In order for this critique to stick, of course, the protagonist (and, by extension, the audience) must become disillusioned with Empire.  How does Avatar engineer such disillusionment?  Again resembling Kevin Costner’s film of 1990, Avatar plays out the seduction of going native.  In Dances With Wolves, the protagonist John Dunbar is first physically isolated from imperial culture and then immersed in the indigenous culture of the Lakota.  Dunbar finds his way into the culture with the help of a responsive woman, played by an assimilated white woman named Stands With a Fist.  Once he goes native, Dunbar becomes a leader of the tribe and attempts to save them from the depredations of Empire.  This scenario is replayed in Avatar, with the crippled ex-Marine Jake Sully initiated into the culture of the Na’Vi in his avatar form, won over to their cause through his awe at their symbiotic relationship with Pandora’s natural world and through his attraction to the Pocahantas-like Neytiri.

The problem is that this myth of going native is itself an imperial fantasy.  Although Neytiri initially tells Sully that he’s like a child and subjects him to a long period of apprenticeship, he not only ultimately learns the ropes and becomes a member of her Na’Vi tribe, but, after the nefarious Colonel Quaritch destroys the tribe’s home, goes on to lead resistance efforts to the Empire.  So the white male self ultimately remains in control.  Where is the anti-imperialism in this?

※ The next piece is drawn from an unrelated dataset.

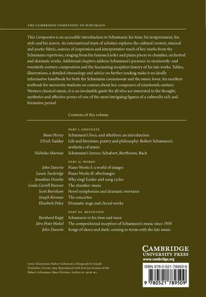Part I. Contexts: 1. Introduction to Schumann: life stories Beate Perrey; 2. Life and literature, poetry and philosophy: Robert Schumann's aesthetics of music Ulrich Tadday; 3. Schumann's heroes: Schubert, Beethoven, Bach Nicholas Marston; Part II. Works: 4. The piano music I: a world of images John Daverio; 5. The piano music II: afterimages Laura Tunbridge; 6. Why sing? Lieder and song cycles Jonathan Dunsby; 7. The chamber music Linda Roesner; 8. Novel symphonies and dramatic overtures Scott Burnham; 9. The concertos Joseph Kerman; 10. Dramatic stage and choral works Liz Paley; Part III. Reception: 11. Schumann in his time and since Reinhard Kapp; 12. The compositional reception of Schumann's music since 1950 Jörn Peter Hiekel; 13. Songs of dawn and dusk: coming to terms with the late music John Daverio.

Although Avatar appears to engage most directly with the U.S.’s particular genocidal history, the racialized imperial fantasy enacted in the film also shares DNA with anti-apartheid films set in South Africa during the late 1980s such as Dry White Season.  In these films, a clueless white protagonist suddenly has the scales drop from his eyes after a chance encounter leads him to see the venality of the apartheid system.  Typically, a gardener’s son is “disappeared” during protests in the townships; the protagonist, moved by his personal ties to his servants, becomes involved, believing that justice will quickly be done and things set aright.  Of course his efforts not only fail to produce justice, but in addition show him the venality of the apartheid system’s treatment of non-whites.  In the course of his odyssey, the protagonist is increasingly alienated from the complacent white people with whom he has heretofore lived; these people in turn ostracize him, closing ranks against a perceived race traitor.  The protagonist’s abjection is redeemed, however, by his newfound status as hero of the anti-apartheid movement.

Such anti-apartheid films go beyond a guilt syndrome in which fiction enacts a white desire to be absolved of racial injustice.  In these films, the black-led anti-apartheid movement becomes a vehicle for white aspirations, upending the dynamic on the ground and imposing white needs and subjectivity onto an otherwise alien landscape.  This apartheid-era narrative was slyly remade recently in District 9, which stages the mutation of an Afrikaner into an alien who, like Avatar‘s Jake Sully, goes native and resists Empire.  Given the history of South Africa after apartheid, with the ANC cleaving faithfully to the neo-liberal precepts of the international financial community, this colonization of the anti-apartheid struggle his ominous historical implications.

The remarkable resemblance between District 9 and Avatar suggests more than simply the striking trans-continental continuity of the white imperial imaginary; this similarity also underlines the enduring need to decolonize the anti-imperial imaginary.  Apartheid, it seems, has many avatars.